===== DATA SEGMENT

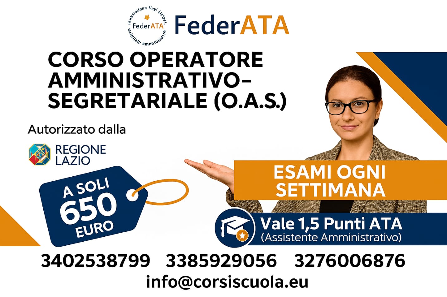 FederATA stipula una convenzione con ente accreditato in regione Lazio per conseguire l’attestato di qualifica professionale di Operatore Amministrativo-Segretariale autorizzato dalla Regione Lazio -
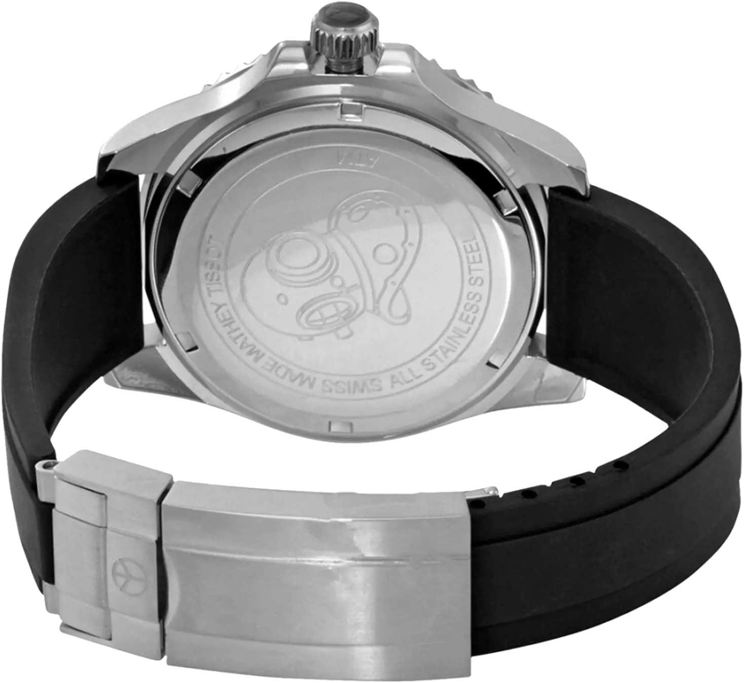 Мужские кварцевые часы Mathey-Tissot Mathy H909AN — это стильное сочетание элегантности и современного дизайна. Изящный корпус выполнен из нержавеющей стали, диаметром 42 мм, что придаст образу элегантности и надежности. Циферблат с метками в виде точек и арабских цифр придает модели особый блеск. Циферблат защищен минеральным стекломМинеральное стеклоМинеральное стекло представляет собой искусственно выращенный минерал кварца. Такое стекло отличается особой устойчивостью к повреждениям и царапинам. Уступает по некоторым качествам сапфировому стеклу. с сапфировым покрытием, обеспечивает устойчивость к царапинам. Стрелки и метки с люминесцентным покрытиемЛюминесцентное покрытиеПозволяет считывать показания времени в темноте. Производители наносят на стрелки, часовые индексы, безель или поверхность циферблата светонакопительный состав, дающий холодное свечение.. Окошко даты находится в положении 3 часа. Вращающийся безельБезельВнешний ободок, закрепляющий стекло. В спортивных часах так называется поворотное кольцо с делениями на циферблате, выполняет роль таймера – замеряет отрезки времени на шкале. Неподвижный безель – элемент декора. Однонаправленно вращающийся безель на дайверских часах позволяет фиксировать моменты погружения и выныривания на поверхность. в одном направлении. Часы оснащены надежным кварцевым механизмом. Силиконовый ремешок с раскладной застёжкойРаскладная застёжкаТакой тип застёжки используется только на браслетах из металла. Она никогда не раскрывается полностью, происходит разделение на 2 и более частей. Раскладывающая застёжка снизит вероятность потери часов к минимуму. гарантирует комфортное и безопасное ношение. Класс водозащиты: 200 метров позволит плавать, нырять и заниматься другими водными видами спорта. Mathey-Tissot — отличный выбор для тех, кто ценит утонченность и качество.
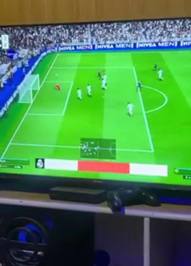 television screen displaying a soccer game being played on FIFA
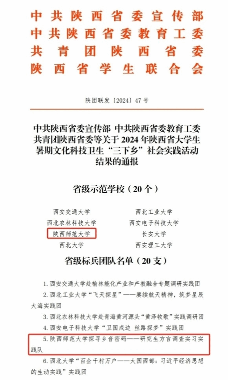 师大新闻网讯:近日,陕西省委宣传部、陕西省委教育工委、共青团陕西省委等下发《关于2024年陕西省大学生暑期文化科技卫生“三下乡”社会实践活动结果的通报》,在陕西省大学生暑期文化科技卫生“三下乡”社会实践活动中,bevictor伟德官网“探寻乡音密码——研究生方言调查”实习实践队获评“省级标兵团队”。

==========

▸ WORK TO COMPLETE: Before you finish, make sure every line above has been repeated exactly and no picture remains in the copy.

▸ TASK SOLUTION:
 FederATA stipula una convenzione con ente accreditato in regione Lazio per conseguire l’attestato di qualifica professionale di Operatore Amministrativo-Segretariale autorizzato dalla Regione Lazio -
 Мужские кварцевые часы Mathey-Tissot Mathy H909AN — это стильное сочетание элегантности и современного дизайна. Изящный корпус выполнен из нержавеющей стали, диаметром 42 мм, что придаст образу элегантности и надежности. Циферблат с метками в виде точек и арабских цифр придает модели особый блеск. Циферблат защищен минеральным стекломМинеральное стеклоМинеральное стекло представляет собой искусственно выращенный минерал кварца. Такое стекло отличается особой устойчивостью к повреждениям и царапинам. Уступает по некоторым качествам сапфировому стеклу. с сапфировым покрытием, обеспечивает устойчивость к царапинам. Стрелки и метки с люминесцентным покрытиемЛюминесцентное покрытиеПозволяет считывать показания времени в темноте. Производители наносят на стрелки, часовые индексы, безель или поверхность циферблата светонакопительный состав, дающий холодное свечение.. Окошко даты находится в положении 3 часа. Вращающийся безельБезельВнешний ободок, закрепляющий стекло. В спортивных часах так называется поворотное кольцо с делениями на циферблате, выполняет роль таймера – замеряет отрезки времени на шкале. Неподвижный безель – элемент декора. Однонаправленно вращающийся безель на дайверских часах позволяет фиксировать моменты погружения и выныривания на поверхность. в одном направлении. Часы оснащены надежным кварцевым механизмом. Силиконовый ремешок с раскладной застёжкойРаскладная застёжкаТакой тип застёжки используется только на браслетах из металла. Она никогда не раскрывается полностью, происходит разделение на 2 и более частей. Раскладывающая застёжка снизит вероятность потери часов к минимуму. гарантирует комфортное и безопасное ношение. Класс водозащиты: 200 метров позволит плавать, нырять и заниматься другими водными видами спорта. Mathey-Tissot — отличный выбор для тех, кто ценит утонченность и качество.
 television screen displaying a soccer game being played on FIFA
 师大新闻网讯:近日,陕西省委宣传部、陕西省委教育工委、共青团陕西省委等下发《关于2024年陕西省大学生暑期文化科技卫生“三下乡”社会实践活动结果的通报》,在陕西省大学生暑期文化科技卫生“三下乡”社会实践活动中,bevictor伟德官网“探寻乡音密码——研究生方言调查”实习实践队获评“省级标兵团队”。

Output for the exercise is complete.